29 Waakt en bewaart het, totdat gij het opweegt, in tegenwoordigheid van de oversten der priesteren en Levieten, en der vorsten der vaderen van Israel, te Jeruzalem, in de kameren van des HEEREN huis.
Watch ye, and keep [them], until ye weigh [them], before the chief of the priests and the Levites, and chief of the fathers of Israel, at Jerusalem, in the chambers of the house of the LORD.
30 Toen ontvingen de priesters en de Levieten het gewicht des zilvers en des gouds, en der vaten, om te brengen te Jeruzalem, ten huize onzes Gods.
So the priests and the Levites took the weight of the silver, and the gold, and the vessels, to bring [them] to Jerusalem to the house of our God.
31 Alzo verreisden wij van de rivier Ahava, op den twaalfden der eerste maand, om te gaan naar Jeruzalem; en de hand onzes Gods was over ons, en redde ons van de hand des vijands, en desgenen, die ons lagen legde op den weg.
Then we departed from the river Ahava on the twelfth [day] of the first month, to go to Jerusalem: and the hand of our God was upon us, and he delivered us from the hand of the enemy, and of such as lay in wait by the way.
32 En wij kwamen te Jeruzalem; en wij bleven aldaar drie dagen.
And we came to Jerusalem, and abode there three days.
33 Op den vierden dag nu werd gewogen het zilver, en het goud, en de vaten, in het huis onzes Gods, aan de hand van Meremoth, den zoon van Uria, den priester, en met hem Eleazar, de zoon van Pinehas; en met hem Jozabad, de zoon van Jesua, en Noadja, de zoon van Binnui, de Levieten.
Now on the fourth day was the silver and the gold and the vessels weighed in the house of our God by the hand of Meremoth the son of Uriah the priest; and with him [was] Eleazar the son of Phinehas; and with them [was] Jozabad the son of Jeshua, and Noadiah the son of Binnui, Levites;
34 Naar het getal en naar het gewicht van dat alles; en het ganse gewicht werd ter zelfder tijd opgeschreven.
By number [and] by weight of every one: and all the weight was written at that time.
35 En de weggevoerden, die uit de gevangenis gekomen waren, offerden den God Israels brandofferen; twaalf varren voor gans Israel, zes en negentig rammen, zeven en zeventig lammeren, twaalf bokken ten zondoffer; alles ten brandoffer den HEERE.
[Also] the children of those that had been carried away, who had come out of the captivity, offered burnt-offerings to the God of Israel, twelve bullocks for all Israel, ninety and six rams, seventy and seven lambs, twelve he-goats [for] a sin-offering: all [this was] a burnt-offering to the LORD.
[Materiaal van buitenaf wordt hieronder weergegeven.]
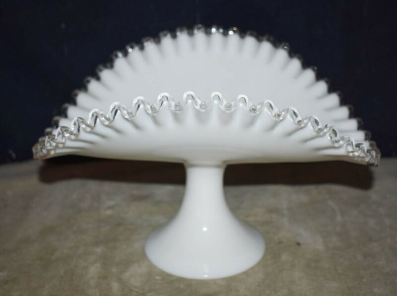 Title (ebay affiliate link): VINTAGE TALL FENTON GLASS SILVER CREST RUFFLE MILK GLASS FOOTED BANANA BOWL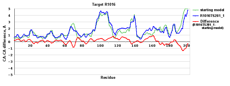 | Red line = (blue line) - (green thick line): difference between the corresponding Refined Model-Target and Starting Model-Target CA-CA distances (see above). Negative values show regions where the reifned model has better fit to the target than the starting model, i.e. areas of potential improvement. |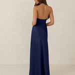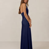 The Emery dress redefines timeless elegance with a contemporary twist. Crafted from our signature bubble satin, this full-length dress features a flattering cross-front halter neckline, creating soft drapes and a delicate keyhole detail for a touch of allure. The bias-cut skirt gracefully skims the body, ensuring comfort and a flawless silhouette that you'll want to wear repeatedly.
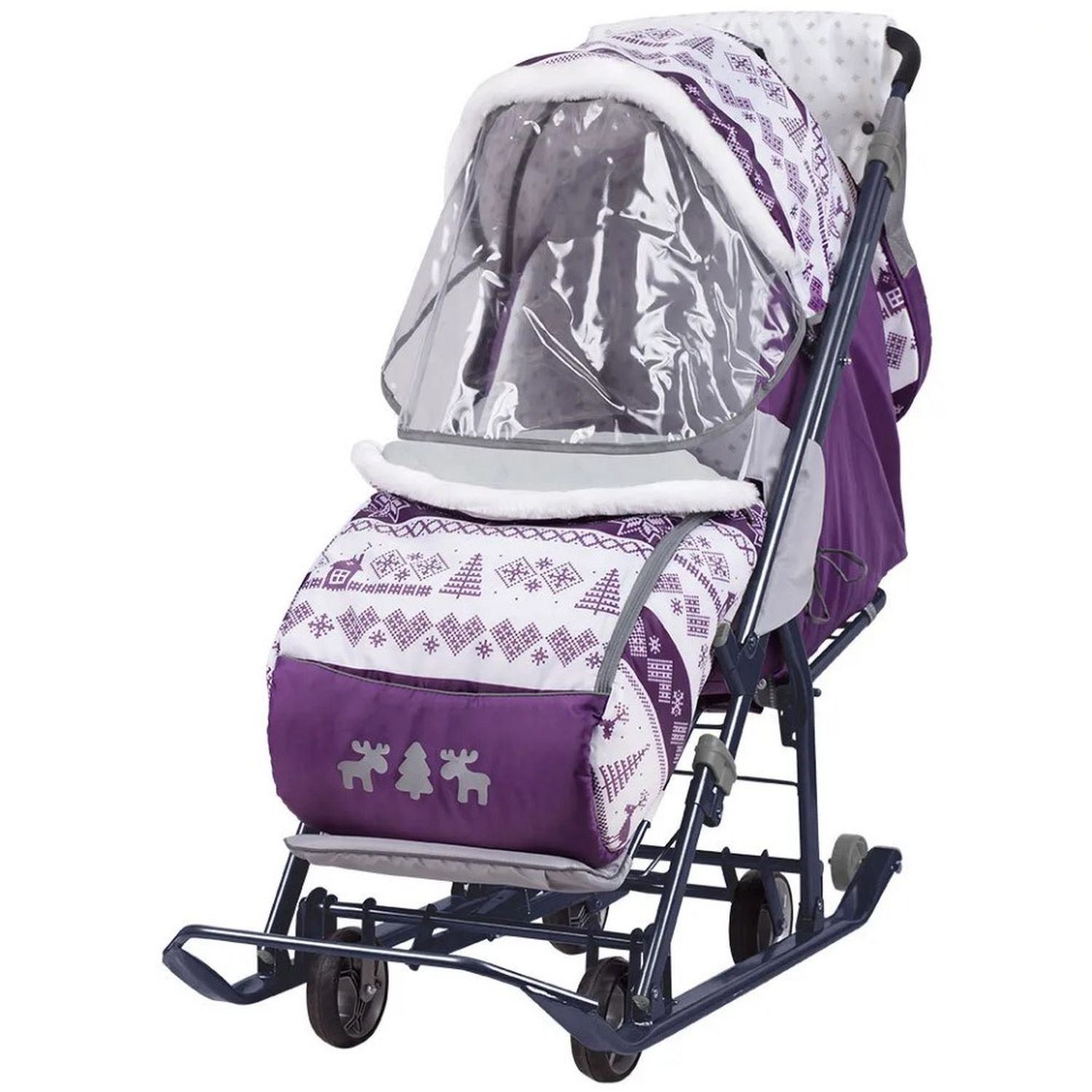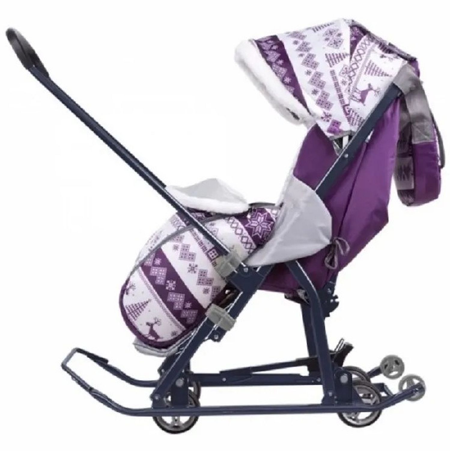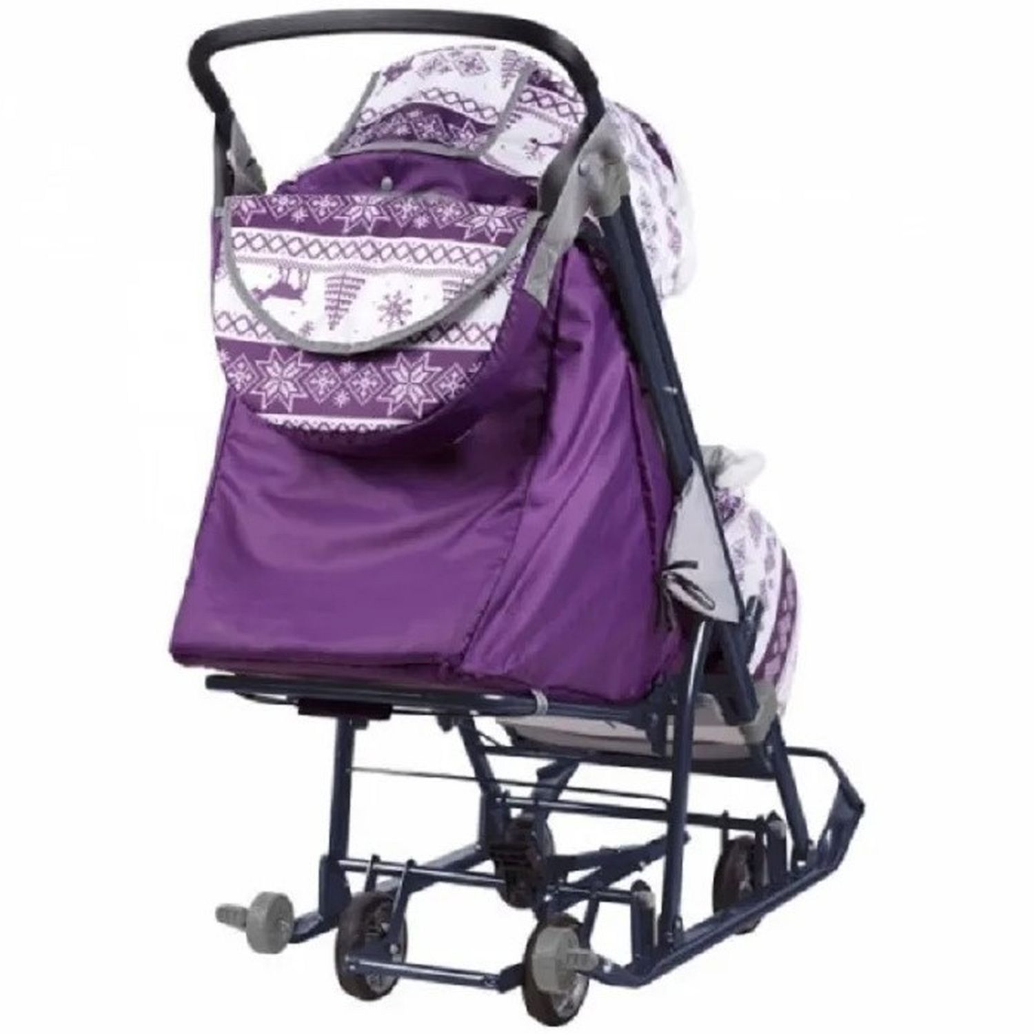 Коляска комбинированная с трансформируемым кузовом позволяет передвигаться по любой дороге. Нажатием ноги на педаль опускаются колеса, и вы можете везти коляску по асфальту или по гладкому полу. Еще одно нажатие — коляска трансформируется в санки и снова скользить по снегу!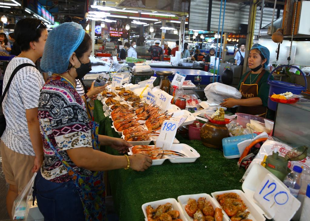 6月22日,人們?cè)谖挥谔﹪?guó)曼谷的吞武里海鮮市場(chǎng)選購(gòu)海鮮。新華社記者孫瑋彤?dāng)z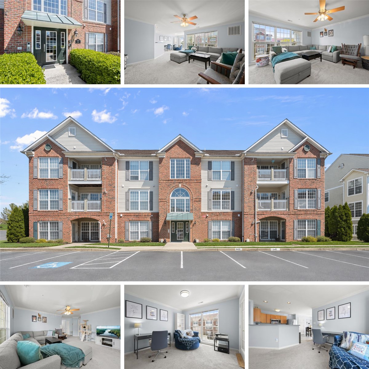 Welcome to the Ridgeview community in Frederick! This second-level unit offers a bright, open floor plan with plush carpeting throughout and abundant storage options. The inviting living area is accented by crown molding and custom blinds. It provides seamless access to the dining space, private balcony, or a flexible area ideal for a home office. The dining area flows effortlessly into the kitchen, where modern luxury vinyl flooring and natural light enhance the space. The kitchen is well-appointed with a breakfast bar, ample cabinetry, a pantry, and stainless steel appliances, perfect for both everyday living and entertaining. Retreat to the spacious primary suite featuring plush carpeting, dual closets including a walk-in, and a private en-suite bath with a double vanity and walk-in shower. A second bedroom and full hall bath complete the sleeping quarters. Residents enjoy community amenities, including a pool and playground, as well as convenient access to major commuter routes such as I-70 and I-270, providing easy travel to Washington, D.C., and downtown Baltimore.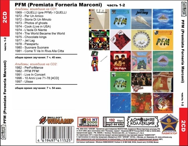 PFM (PREMIATA FORNERIA MARCONI) PART1 CD1&2全集 MP3CD 2P◎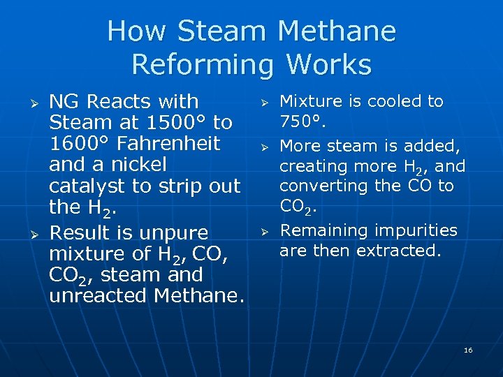 How Steam Methane Reforming Works Ø Ø NG Reacts with Steam at 1500° to 1600° Fahrenheit and a nickel catalyst to strip out the H 2. Result is unpure mixture of H 2, CO 2, steam and unreacted Methane. Ø Ø Ø Mixture is cooled to 750°. More steam is added, creating more H 2, and converting the CO to CO 2. Remaining impurities are then extracted. 16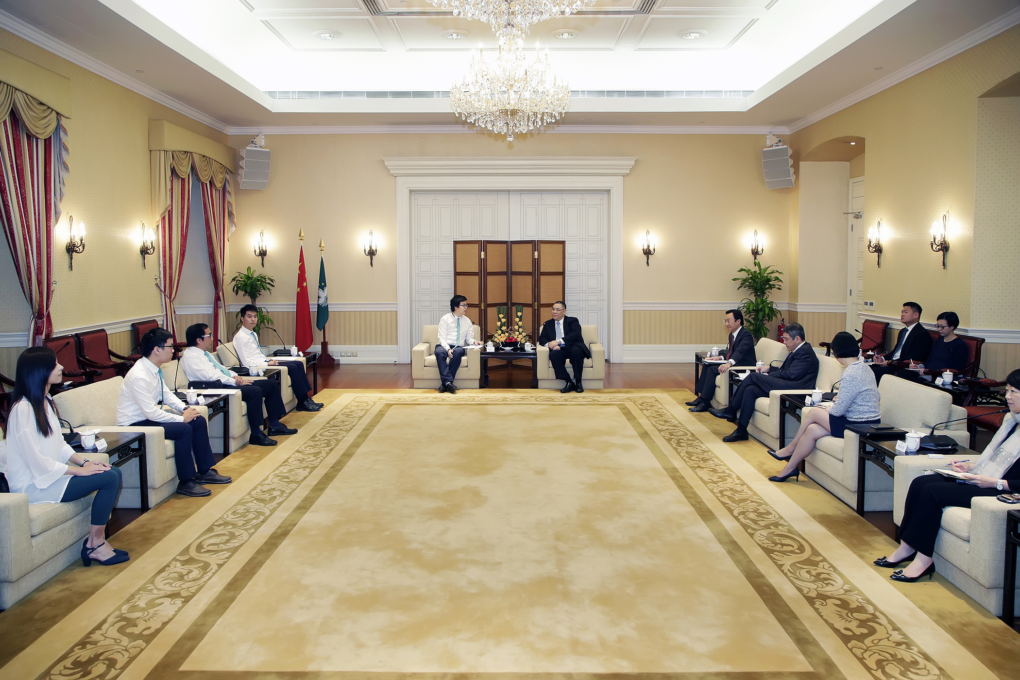 參加會見的還有社會文化司司長譚俊榮、運輸工務司司長羅立文、行政長官辦公室主任柯嵐、新澳門學社理事李國強和甘雪玲等。

36 Daarna gaven zij de wetten des konings aan des konings stadhouders en landvoogden aan deze zijde der rivier; en zij bevorderden het volk en het huis Gods.
And they delivered the king's commissions to the king's lieutenants, and to the governors on this side of the river: and they furthered the people, and the house of God.